The Fermi Bubbles and the SCRs both have a gamma-ray spectrum corresponding to $\pi^0$ production from a hard 1/E$^{2.1}$ nucleon spectrum ($E$ is the nucleon rigidity), as expected for diffuse shock wave acceleration. The gamma-ray template from this hard SCR component turns out to be needed towards the Fermi Bubbles and in all directions with the presence of the 1.809 MeV line from $^{26}$Al, a tracer of CR sources, which are typically embedded inside molecular clouds (MCs).

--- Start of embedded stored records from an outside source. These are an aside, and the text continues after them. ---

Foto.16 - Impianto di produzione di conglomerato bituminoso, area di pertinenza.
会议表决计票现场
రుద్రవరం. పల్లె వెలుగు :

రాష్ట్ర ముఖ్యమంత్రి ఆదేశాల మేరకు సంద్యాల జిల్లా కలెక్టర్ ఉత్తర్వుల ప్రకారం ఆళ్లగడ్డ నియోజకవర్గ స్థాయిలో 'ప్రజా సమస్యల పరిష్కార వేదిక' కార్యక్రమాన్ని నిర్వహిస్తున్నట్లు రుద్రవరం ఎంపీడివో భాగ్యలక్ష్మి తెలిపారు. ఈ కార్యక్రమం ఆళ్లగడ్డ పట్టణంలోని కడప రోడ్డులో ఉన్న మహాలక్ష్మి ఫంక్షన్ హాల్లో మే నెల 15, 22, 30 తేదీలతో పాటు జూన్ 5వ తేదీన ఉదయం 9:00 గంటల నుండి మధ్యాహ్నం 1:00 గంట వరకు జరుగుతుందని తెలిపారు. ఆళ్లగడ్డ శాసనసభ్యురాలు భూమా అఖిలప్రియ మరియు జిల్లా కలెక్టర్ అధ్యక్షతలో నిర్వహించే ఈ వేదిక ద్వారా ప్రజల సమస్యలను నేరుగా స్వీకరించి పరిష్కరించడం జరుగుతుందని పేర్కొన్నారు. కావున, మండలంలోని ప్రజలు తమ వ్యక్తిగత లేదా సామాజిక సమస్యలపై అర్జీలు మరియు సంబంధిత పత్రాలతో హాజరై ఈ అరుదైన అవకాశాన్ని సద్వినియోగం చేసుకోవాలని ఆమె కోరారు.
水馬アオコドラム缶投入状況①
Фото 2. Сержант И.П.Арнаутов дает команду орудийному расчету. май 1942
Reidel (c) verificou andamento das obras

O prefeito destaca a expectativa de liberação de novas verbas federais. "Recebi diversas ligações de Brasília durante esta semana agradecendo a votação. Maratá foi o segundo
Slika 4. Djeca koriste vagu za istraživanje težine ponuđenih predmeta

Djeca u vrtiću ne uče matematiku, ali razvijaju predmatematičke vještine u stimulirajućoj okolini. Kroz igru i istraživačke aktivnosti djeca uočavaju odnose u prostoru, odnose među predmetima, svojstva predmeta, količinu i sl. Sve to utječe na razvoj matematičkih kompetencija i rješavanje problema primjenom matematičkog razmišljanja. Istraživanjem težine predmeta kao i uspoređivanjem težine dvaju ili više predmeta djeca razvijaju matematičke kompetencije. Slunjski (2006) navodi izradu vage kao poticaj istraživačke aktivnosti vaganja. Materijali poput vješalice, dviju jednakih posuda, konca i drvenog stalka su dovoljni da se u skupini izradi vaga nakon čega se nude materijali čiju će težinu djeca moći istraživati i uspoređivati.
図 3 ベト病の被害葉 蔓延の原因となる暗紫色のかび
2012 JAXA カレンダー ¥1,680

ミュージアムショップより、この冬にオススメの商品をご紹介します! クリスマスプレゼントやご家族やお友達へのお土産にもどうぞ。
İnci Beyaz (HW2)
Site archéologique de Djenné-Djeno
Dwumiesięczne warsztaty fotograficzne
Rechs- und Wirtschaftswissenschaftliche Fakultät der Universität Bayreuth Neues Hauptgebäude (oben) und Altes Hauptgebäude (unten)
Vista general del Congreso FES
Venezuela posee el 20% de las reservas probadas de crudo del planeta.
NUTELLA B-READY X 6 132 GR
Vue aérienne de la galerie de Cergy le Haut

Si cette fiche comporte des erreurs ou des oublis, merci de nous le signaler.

This template greatly improved the quality of the fit, but in several regions of the Galactic plane the observed maximum of the gamma-ray spectrum (multiplied with E$^2$ for each bin with energy E) in the data is shifted from 0.7 to 2 GeV. This can either be interpreted as a new source producing gamma-rays predominantly around 2 GeV or a depletion of gamma-rays below 2 GeV. Since we observe this shift in MCs, as was evident from the correlation of the shift with the 1.809 MeV line from $^{26}$Al again (arXiv:1509.05310), it is more likely to be a depletion, which can happen in dense MCs. The reason is rather simple:
MCs have a mass substructure of filaments and cloudlets which are embedded in high magnetic fields. If cosmic rays (CRs) enter a region of a high magnetic field, we know from CRs approaching the earth, that most of the CRs with rigidities below 20 GV do not reach the earth because of the geomagnetic cut off in the earth magnetic field. Since the magnetic moment of the cloudlets inside MCs have easily a magnetic moment similar to the earth, we expect that low energy nuclei will not enter the cloudlets, thus depleting the gamma-ray spectrum from MCs regions at low energies. This leads to a shift in the maximum of the gamma-ray spectrum from MCs towards higher energy, usually called the gamma-ray excess. In reality, it is a depletion at low energies inside MCs, as expected from the strong correlation in space between the shift in the gamma-ray spectrum and the occurrence of the $^{26}$Al line. The regions with the shift were identified after including a template from gamma-ray production with a break in the proton spectrum at 13 GV, which yields a maximum in the gamma-ray spectrum at 2 GeV.

The $^{26}$Al line is strong towards the GC, where the gas in the inner Galaxy is dominated by the Central Molecular Zone, towards the central Bar region and towards the tangent point of the spiral arms and a few star-forming regions like the Cygnus region. Exactly towards these region we observe the shift in the maximum of the gamma-ray spectrum. Since this morphology contradicts the morphology from DM, the DM interpretation is excluded by this observation.

Summary

A 2015 Nature article entitled: „Mysterious Galactic Signal points LHC to Dark Matter(DM)“ discusses the so-called GeV gamma-ray excess in the Galactic Center (GC), see
http://www.nature.com/news/mysterious-galactic-signal-points-lhc-to-darkmatter-1.17485. This excess has been widely discussed in the literature as a possible DM signal.
We prove that this excess in not only from the GC, but observed in all directions of star-forming molecular cloud regions. Hence, it is not connected to DM. We show that the excess is easily explained by the propagation of cosmic rays in the dense environment of molecular clouds, thus making an essential step towards solving this outstanding problem.